A faithful transcription is wanted of the lines from the top of the material through the line that holds "Comme mentionné, l’application", both ends included, leaving out the pictures.

Given information
BEGIN
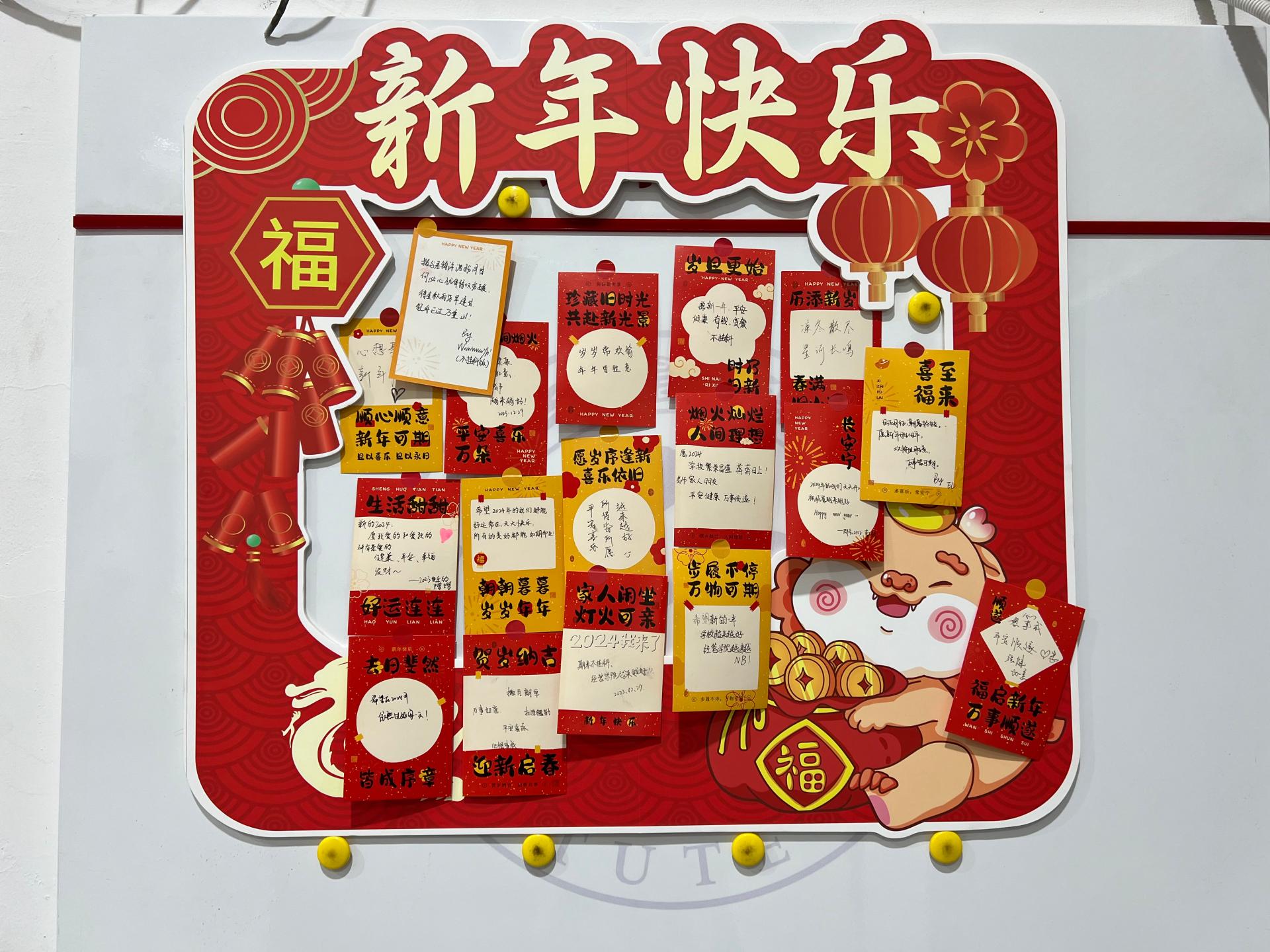 活动当日,在师生的精心准备下,“一站式”员工社区中呈现“新年限定版”装扮,大红灯笼高高挂在员工社区,为这个寒冷的冬天增添了喜庆、祥和的节日氛围。
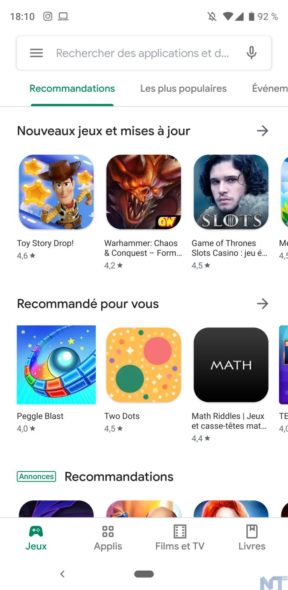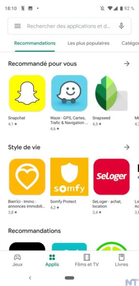 Comme mentionné, l’application Google Play Store a maintenant un fond entièrement blanc, mais ce n’est que l’un des multiples changements. En effet, on retrouve également des onglets en bas pour les jeux, les applications, les films et les séries TV, et les livres. En outre, il n’y a pas d’onglet Musique pour le Play Store, probablement parce que Google Play Music est remplacé par YouTube Music.
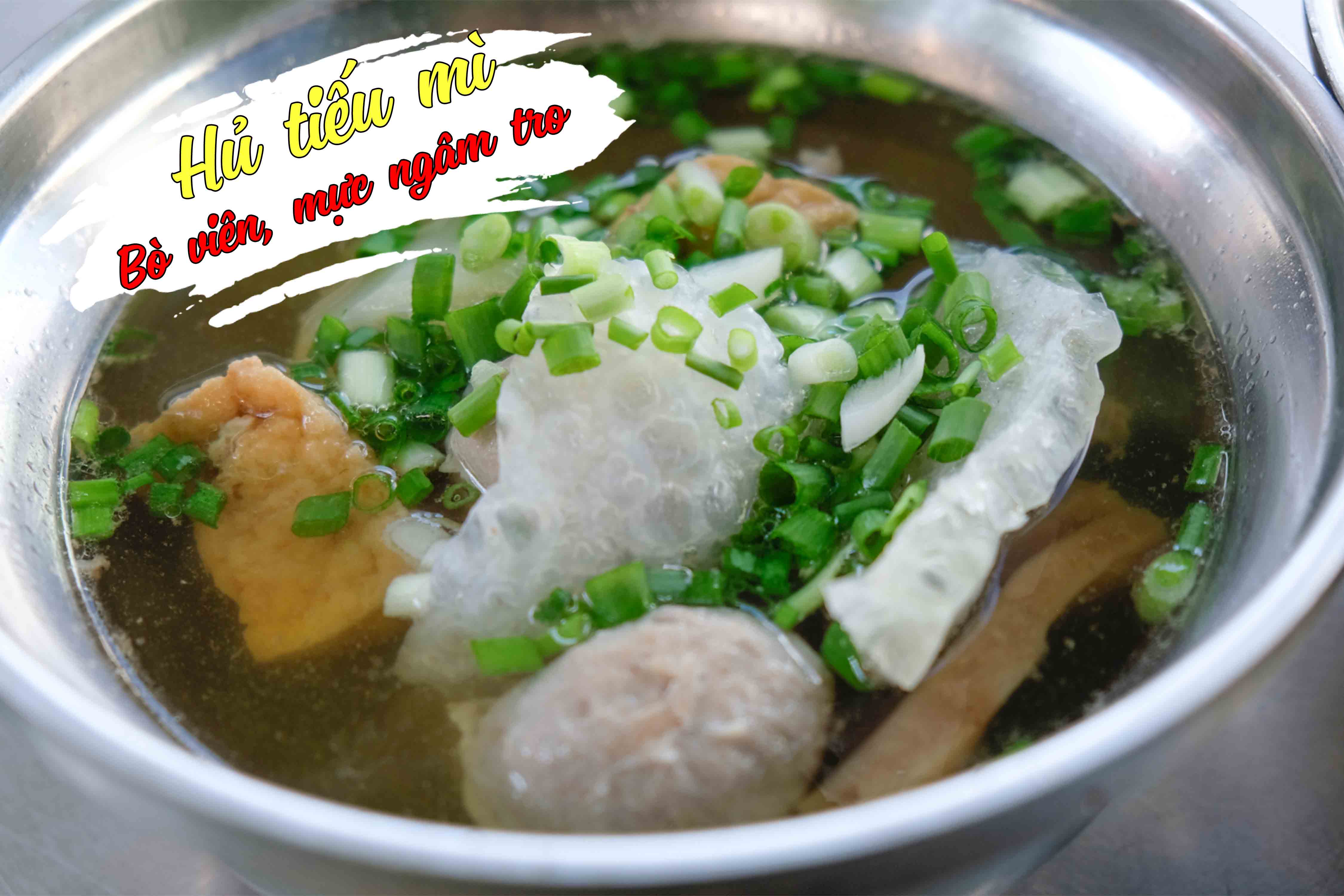 6.Đặc biệt: Hủ tiếu bò viên hay hủ tiếu thập cẩm gốc Hoa. Điểm khác biệt giữa hủ tiếu bò viên thông thường với hủ tiếu bò viên gốc Hoa chính là da heo phồng và đặc trưng của món chính là mực ngâm nước tro tàu. Đây là món chế biến từ mực đặc trưng của người Hoa, có màu nâu nhạt, khi ăn cảm giác giòn sật rất thích thú.
END
Solution for this problem
 活动当日,在师生的精心准备下,“一站式”员工社区中呈现“新年限定版”装扮,大红灯笼高高挂在员工社区,为这个寒冷的冬天增添了喜庆、祥和的节日氛围。
 Comme mentionné, l’application Google Play Store a maintenant un fond entièrement blanc, mais ce n’est que l’un des multiples changements. En effet, on retrouve également des onglets en bas pour les jeux, les applications, les films et les séries TV, et les livres. En outre, il n’y a pas d’onglet Musique pour le Play Store, probablement parce que Google Play Music est remplacé par YouTube Music.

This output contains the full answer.